To do:
What is needed is a word-for-word transcript of the listing, free of pictures.

Input data:
|---|

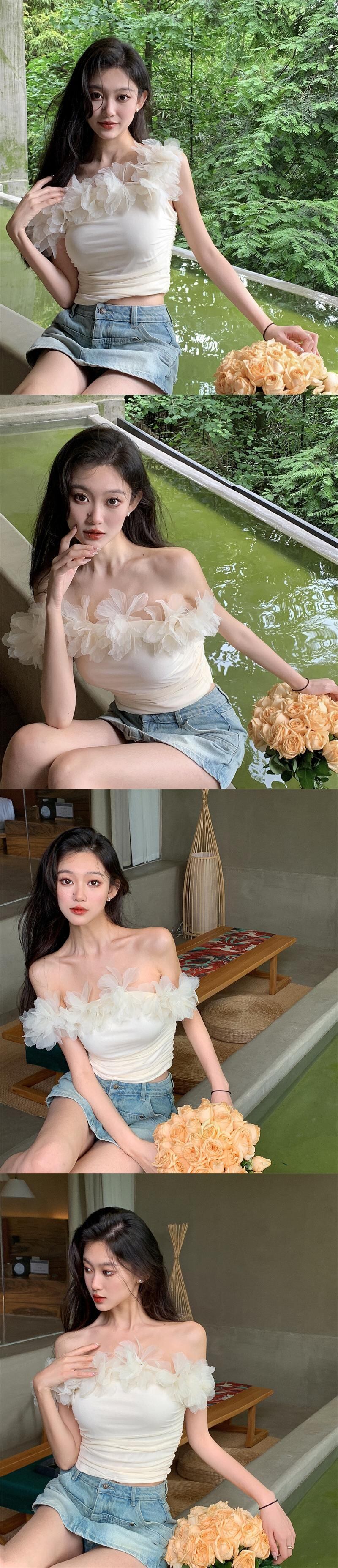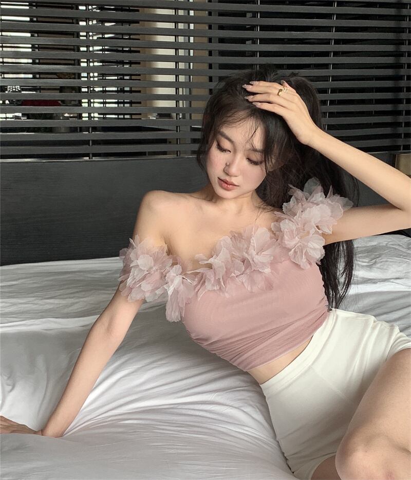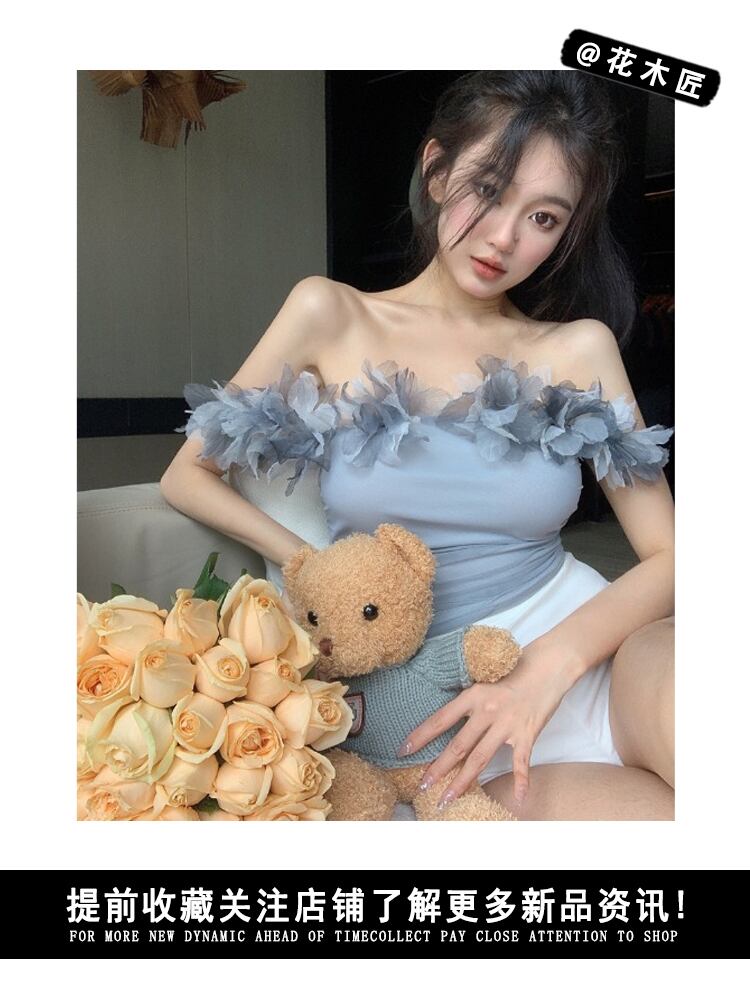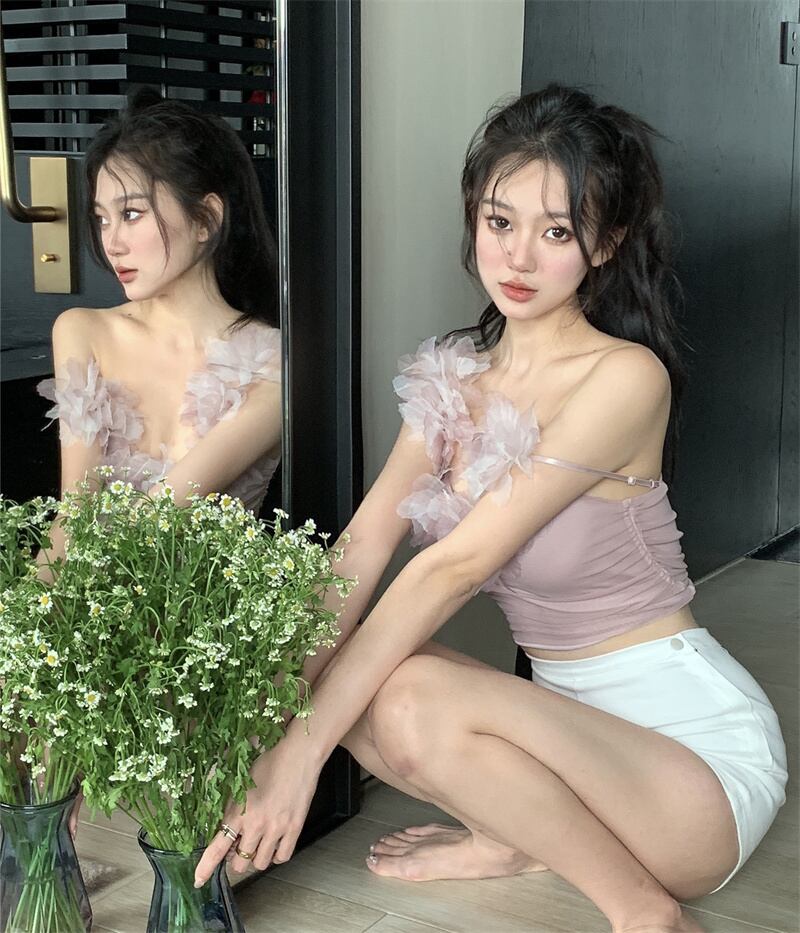 Pure desire chic three-dimensional flower camisole women's summer 2022 new sweet exposed collarbone short top ショート 大人ガーリー スウィート キュート カジュアル サマー 夏物 フラワーデザイン 0921938419799575
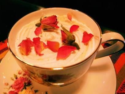 此款咖啡味道香醇、浓烈,极适合于餐后和平时饮用。之所以叫做花式咖啡,是因为它的制作手法和制作后的成品很特殊。从图中就可以感受到其中的魅力。在美妙的咖啡中,漂浮着点点的玫瑰,色彩美丽,样式新颖。又附带着对情人的爱意,种种的形式都透露出浪漫的气息与法国这个美丽国家的神秘。
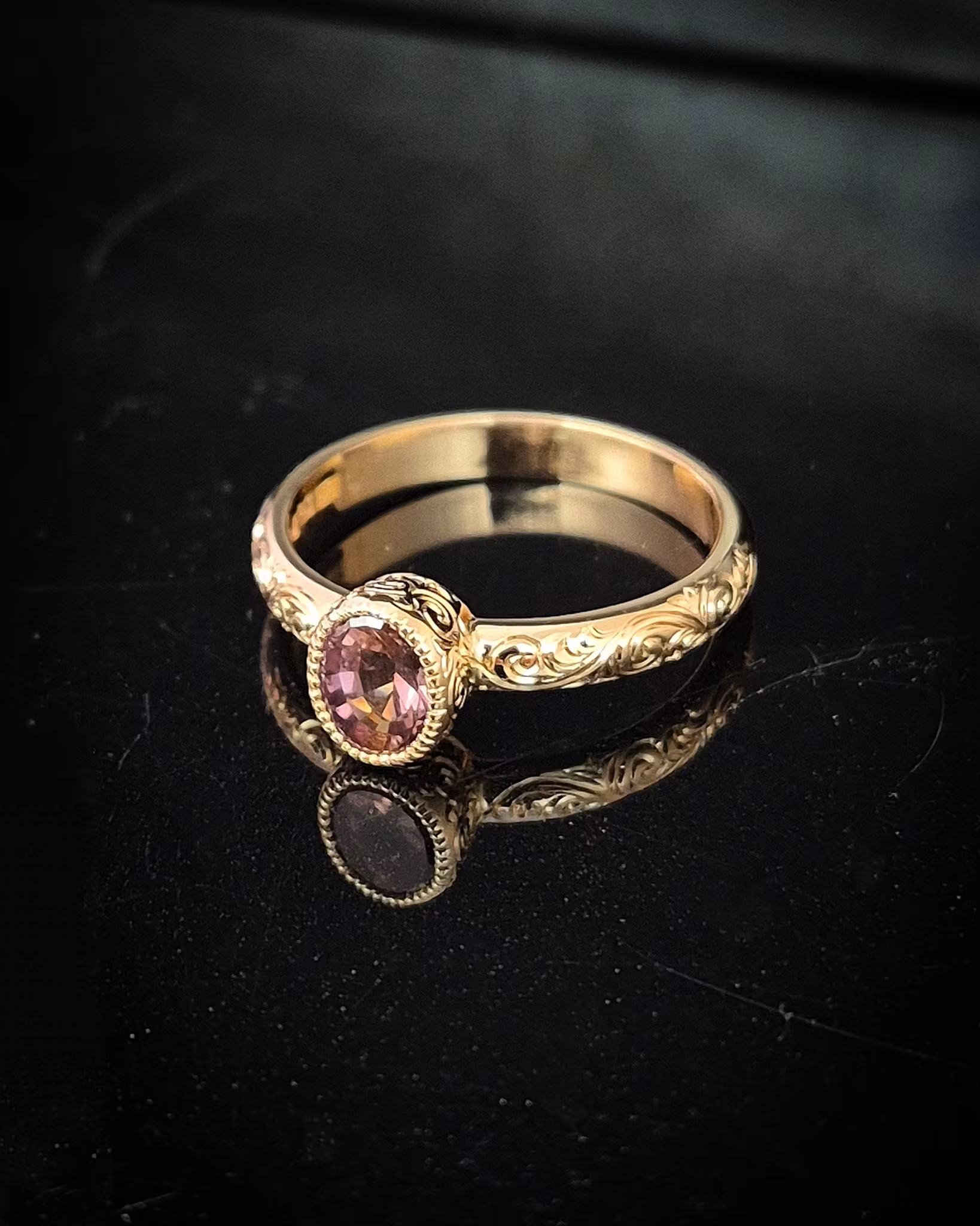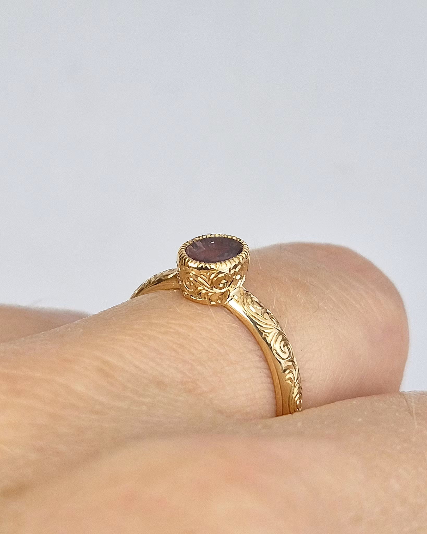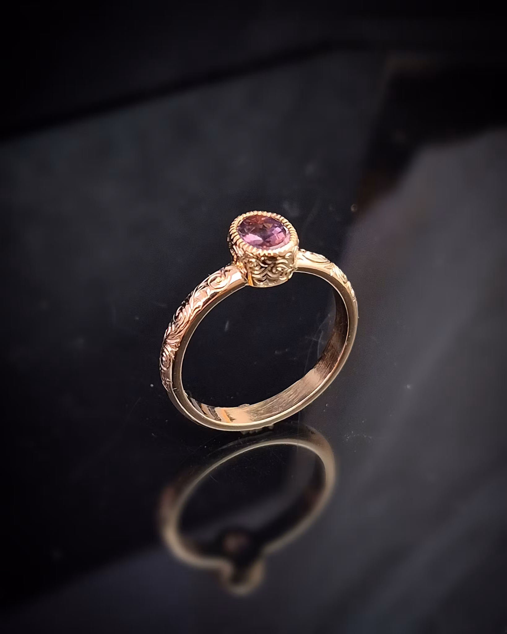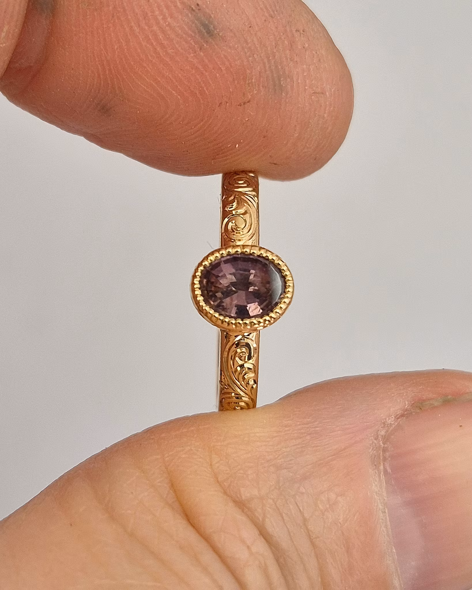 Ringen är dekorerad med en snirklig handgravyr på övre halvan av skenan samt även på själva fattningen. Ringen har en halvrund profil och är varken smal eller bred. Skulle vilja kalla den alldeles lagom. ♡

|---|

Finished task:
 Pure desire chic three-dimensional flower camisole women's summer 2022 new sweet exposed collarbone short top ショート 大人ガーリー スウィート キュート カジュアル サマー 夏物 フラワーデザイン 0921938419799575
 此款咖啡味道香醇、浓烈,极适合于餐后和平时饮用。之所以叫做花式咖啡,是因为它的制作手法和制作后的成品很特殊。从图中就可以感受到其中的魅力。在美妙的咖啡中,漂浮着点点的玫瑰,色彩美丽,样式新颖。又附带着对情人的爱意,种种的形式都透露出浪漫的气息与法国这个美丽国家的神秘。
 Ringen är dekorerad med en snirklig handgravyr på övre halvan av skenan samt även på själva fattningen. Ringen har en halvrund profil och är varken smal eller bred. Skulle vilja kalla den alldeles lagom. ♡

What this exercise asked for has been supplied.